Training regime and hyperparameters: for the first layer, the perturbation bound is ηft = 7/255 and the optimization stride is σft = 5×10^-3. For the second layer, ηzs = 11/255 and σzs = 8×10^-4. When evaluating protection, the paper fine-tunes a pretrained model on protected images using DreamBooth with batch size 4, 400 iterations, and learning rate 5×10^-6. The surrogate for fine-tuning-defense is SD-v2.1, and transfer is tested on SD-v1.5; for zero-shot defense, the targets are FaceID (SD-v1.5) and Instance-ID (SDXL).
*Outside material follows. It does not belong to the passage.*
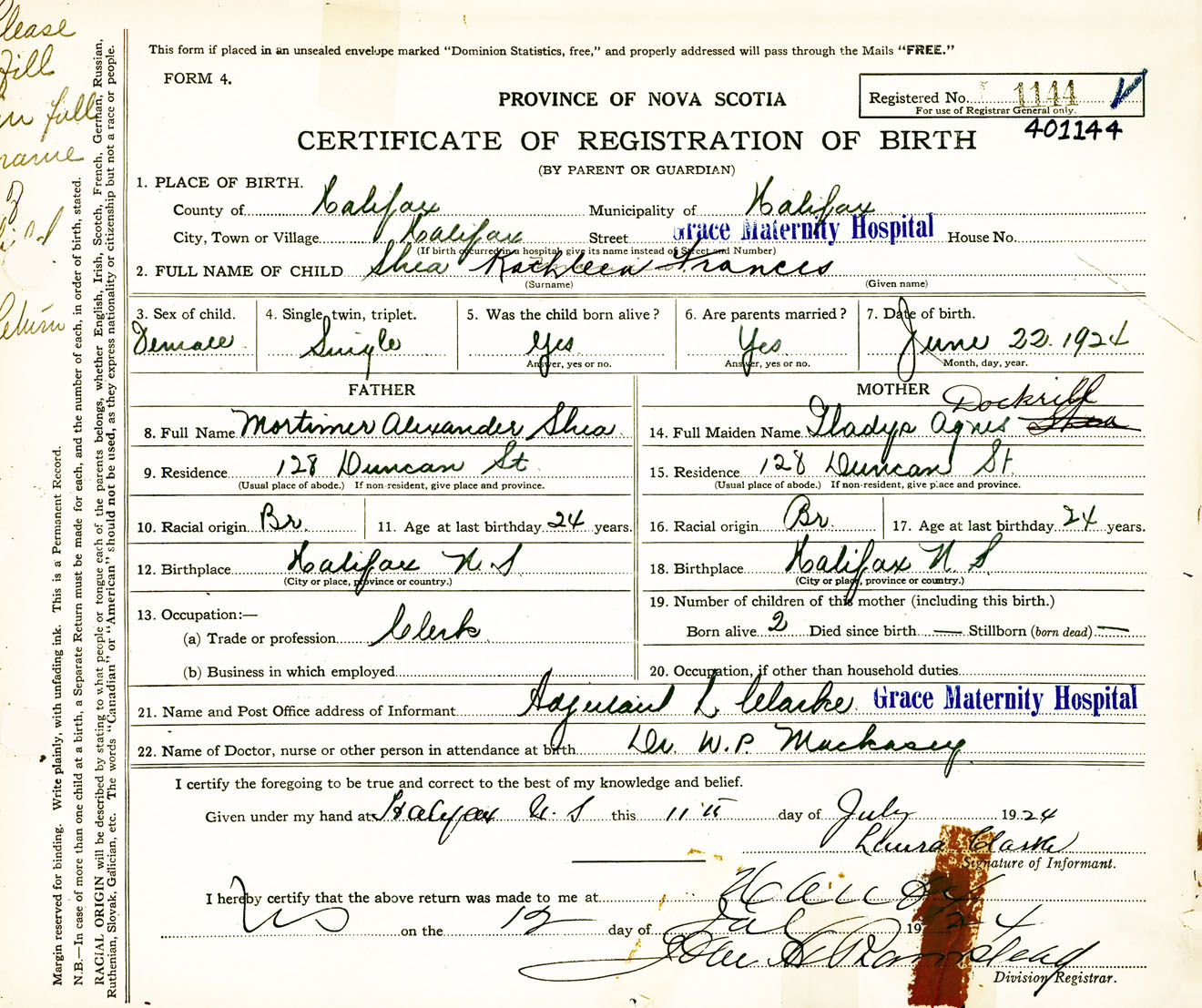 Female Birth Registration: Year: 1924 number: 40100144
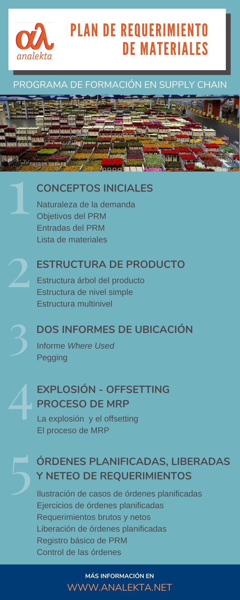 La experiencia de aprendizaje le permitirá al participante tener una visión amplia del MRP que le facilite el cálculo acertado de los tiempos y momentos, para una gestión de órdenes y recepciones que mantenga el equilibrio entre el desabastecimiento y el inventario en exceso.

The excerpt does not specify optimizer details beyond use of Adam in the notation tables, nor does it provide random seed strategy or wall-clock/hardware information.

Evaluation protocol and one concrete example: fine-tuning defense is measured by FDR (face detection rate using RetinaFace), ISM (identity score matching using ArcFace), FID, FIQA, and MOS. Lower FDR/ISM indicate that generated images no longer strongly resemble a valid face or the source identity; higher FID indicates worse image quality, while lower FIQA and MOS suggest degraded quality. In Table 1, on CelebA-HQ with the prompt "a photo of sks person", DLADiff yields FDR 0.201, ISM 0.096, FID 233.7, FIQA 0.225, and MOS 1.57. The comparison baselines include MIST, Anti-DB, DisDiff, and Anti-diffusion. The paper also tests prompt shift with "a dslr portrait of sks person", where performance remains strong but drops somewhat on VGGFace2. Robustness is checked under model-method transfer (DreamBooth protection, LoRA attack; Table 2) and model-version transfer (SD-v2.1 protection, SD-v1.5 attack; Table 3). Zero-shot defense is evaluated with ISMpro and ISMgen on FaceID and Instance-ID; Table 4 shows near-collapse of identity similarity for the protected images. Ablation in Table 5 isolates DSUR, ADFT, and the second layer (Anti-ZS). The paper does not report formal statistical tests, confidence intervals, cross-validation, or held-out-attacker splits in the excerpt.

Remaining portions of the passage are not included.